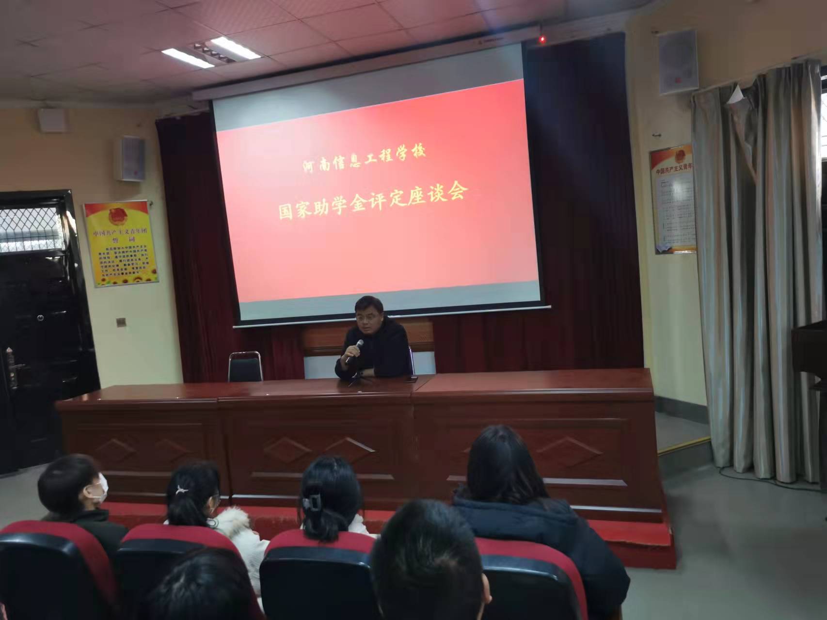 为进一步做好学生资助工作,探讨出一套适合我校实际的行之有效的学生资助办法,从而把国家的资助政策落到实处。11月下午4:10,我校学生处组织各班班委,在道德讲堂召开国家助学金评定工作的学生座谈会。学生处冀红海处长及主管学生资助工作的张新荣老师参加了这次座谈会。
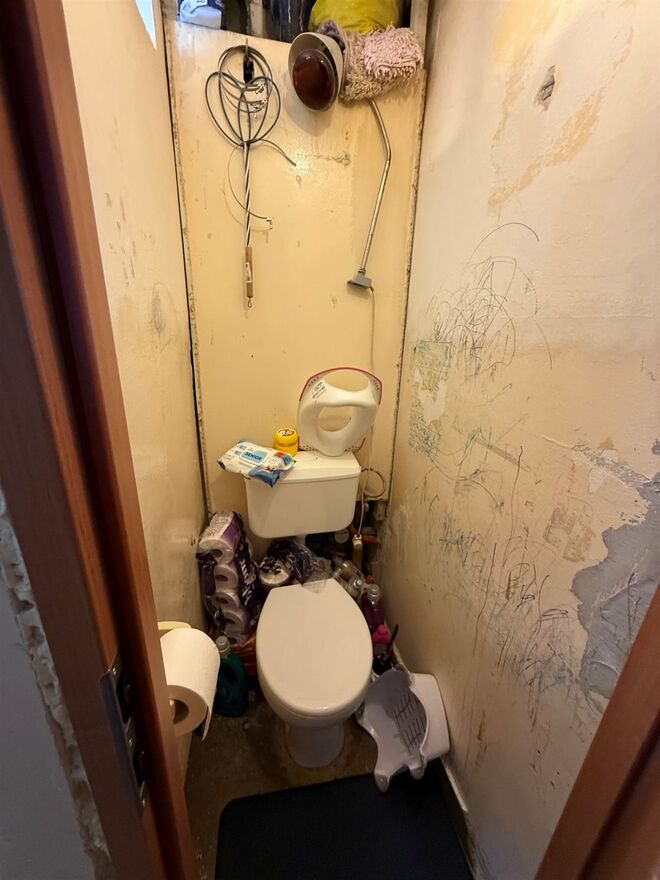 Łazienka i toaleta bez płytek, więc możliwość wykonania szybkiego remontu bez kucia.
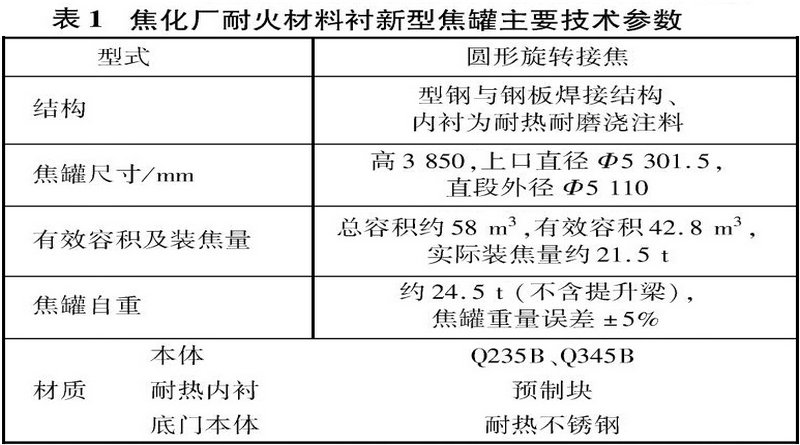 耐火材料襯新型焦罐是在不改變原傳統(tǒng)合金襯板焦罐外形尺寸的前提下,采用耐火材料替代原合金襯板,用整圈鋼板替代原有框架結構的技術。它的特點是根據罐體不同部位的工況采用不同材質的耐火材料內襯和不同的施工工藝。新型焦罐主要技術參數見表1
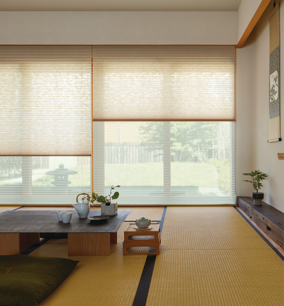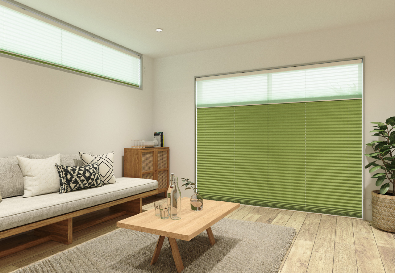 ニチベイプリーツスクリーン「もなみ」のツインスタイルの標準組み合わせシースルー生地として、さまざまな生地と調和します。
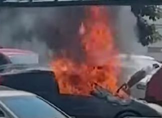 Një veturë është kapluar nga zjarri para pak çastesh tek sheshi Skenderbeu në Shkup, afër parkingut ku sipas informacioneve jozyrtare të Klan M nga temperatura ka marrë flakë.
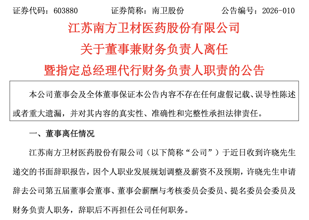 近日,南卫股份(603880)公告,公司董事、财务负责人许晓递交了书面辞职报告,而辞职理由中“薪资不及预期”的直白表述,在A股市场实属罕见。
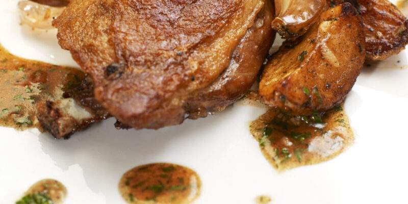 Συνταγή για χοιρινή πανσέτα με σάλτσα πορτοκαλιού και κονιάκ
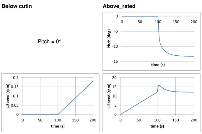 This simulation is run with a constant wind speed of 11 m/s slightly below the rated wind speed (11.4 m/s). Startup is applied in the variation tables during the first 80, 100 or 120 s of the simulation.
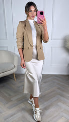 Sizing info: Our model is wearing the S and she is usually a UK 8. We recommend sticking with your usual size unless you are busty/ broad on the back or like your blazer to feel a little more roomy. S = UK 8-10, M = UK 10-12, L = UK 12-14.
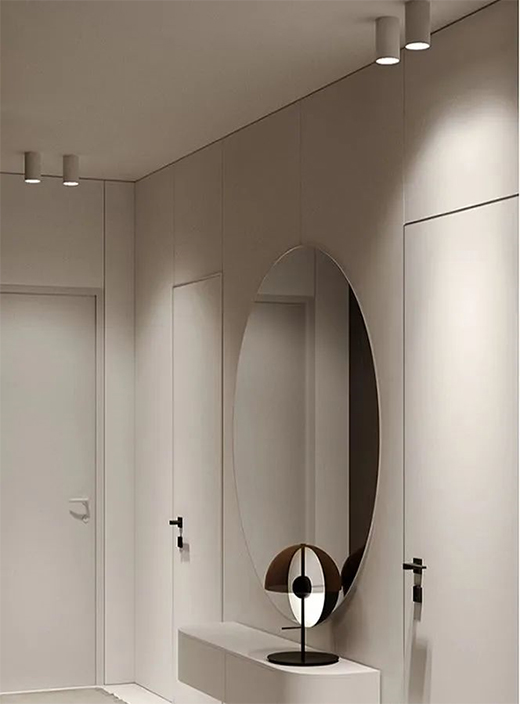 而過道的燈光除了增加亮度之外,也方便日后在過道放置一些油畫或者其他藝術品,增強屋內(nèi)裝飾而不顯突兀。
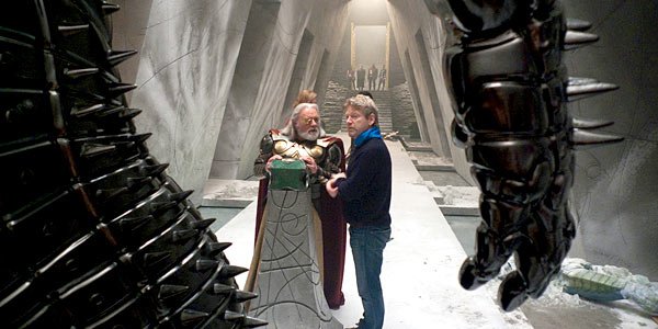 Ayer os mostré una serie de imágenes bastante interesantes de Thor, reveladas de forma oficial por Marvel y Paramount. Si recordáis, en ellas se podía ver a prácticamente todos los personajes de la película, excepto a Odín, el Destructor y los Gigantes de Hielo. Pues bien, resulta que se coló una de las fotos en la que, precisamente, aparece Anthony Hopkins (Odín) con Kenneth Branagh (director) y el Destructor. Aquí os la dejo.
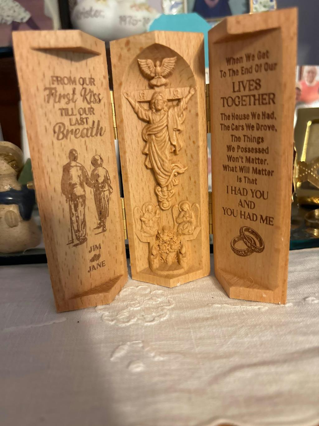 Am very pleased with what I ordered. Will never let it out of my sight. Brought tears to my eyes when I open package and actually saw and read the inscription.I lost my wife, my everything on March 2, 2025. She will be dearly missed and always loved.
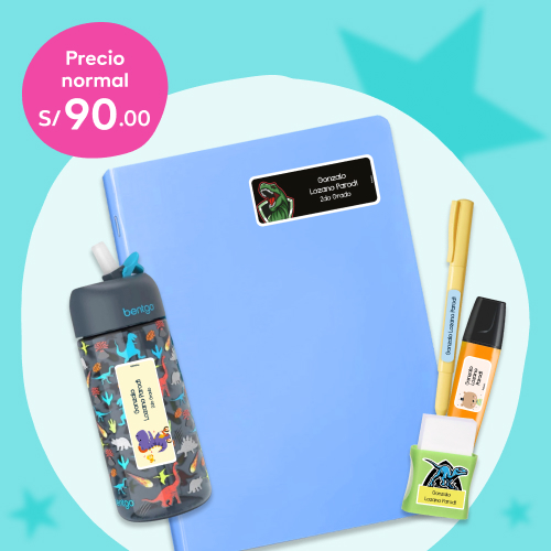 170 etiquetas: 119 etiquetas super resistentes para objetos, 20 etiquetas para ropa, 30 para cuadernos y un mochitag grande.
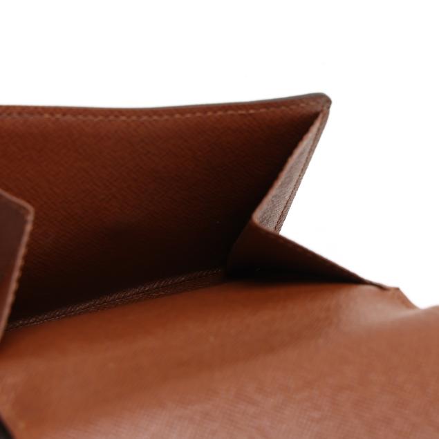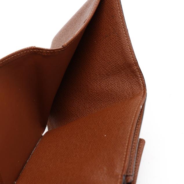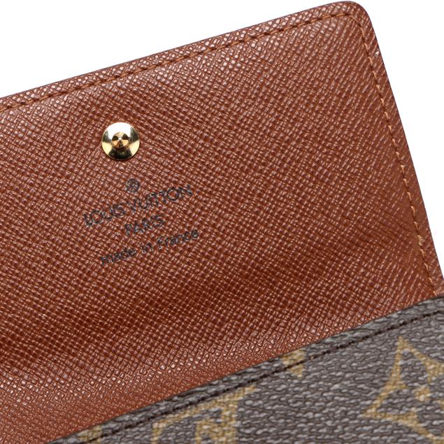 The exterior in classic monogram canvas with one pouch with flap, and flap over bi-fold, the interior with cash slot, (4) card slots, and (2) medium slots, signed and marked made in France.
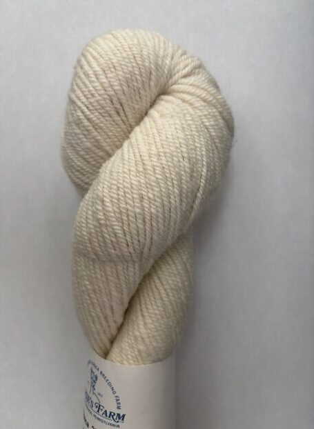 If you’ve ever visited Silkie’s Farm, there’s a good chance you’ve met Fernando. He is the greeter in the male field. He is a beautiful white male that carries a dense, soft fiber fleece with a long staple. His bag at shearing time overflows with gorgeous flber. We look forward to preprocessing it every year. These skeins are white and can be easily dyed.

-*-

In the listing above, find the line holding "耐火材料襯新型焦罐是在不改變" and the line holding "This simulation is". Reproduce those two lines and all between them exactly, leaving out pictures.

**Result below:**
 耐火材料襯新型焦罐是在不改變原傳統(tǒng)合金襯板焦罐外形尺寸的前提下,采用耐火材料替代原合金襯板,用整圈鋼板替代原有框架結構的技術。它的特點是根據罐體不同部位的工況采用不同材質的耐火材料內襯和不同的施工工藝。新型焦罐主要技術參數見表1
 ニチベイプリーツスクリーン「もなみ」のツインスタイルの標準組み合わせシースルー生地として、さまざまな生地と調和します。
 Një veturë është kapluar nga zjarri para pak çastesh tek sheshi Skenderbeu në Shkup, afër parkingut ku sipas informacioneve jozyrtare të Klan M nga temperatura ka marrë flakë.
 近日,南卫股份(603880)公告,公司董事、财务负责人许晓递交了书面辞职报告,而辞职理由中“薪资不及预期”的直白表述,在A股市场实属罕见。
 Συνταγή για χοιρινή πανσέτα με σάλτσα πορτοκαλιού και κονιάκ
 This simulation is run with a constant wind speed of 11 m/s slightly below the rated wind speed (11.4 m/s). Startup is applied in the variation tables during the first 80, 100 or 120 s of the simulation.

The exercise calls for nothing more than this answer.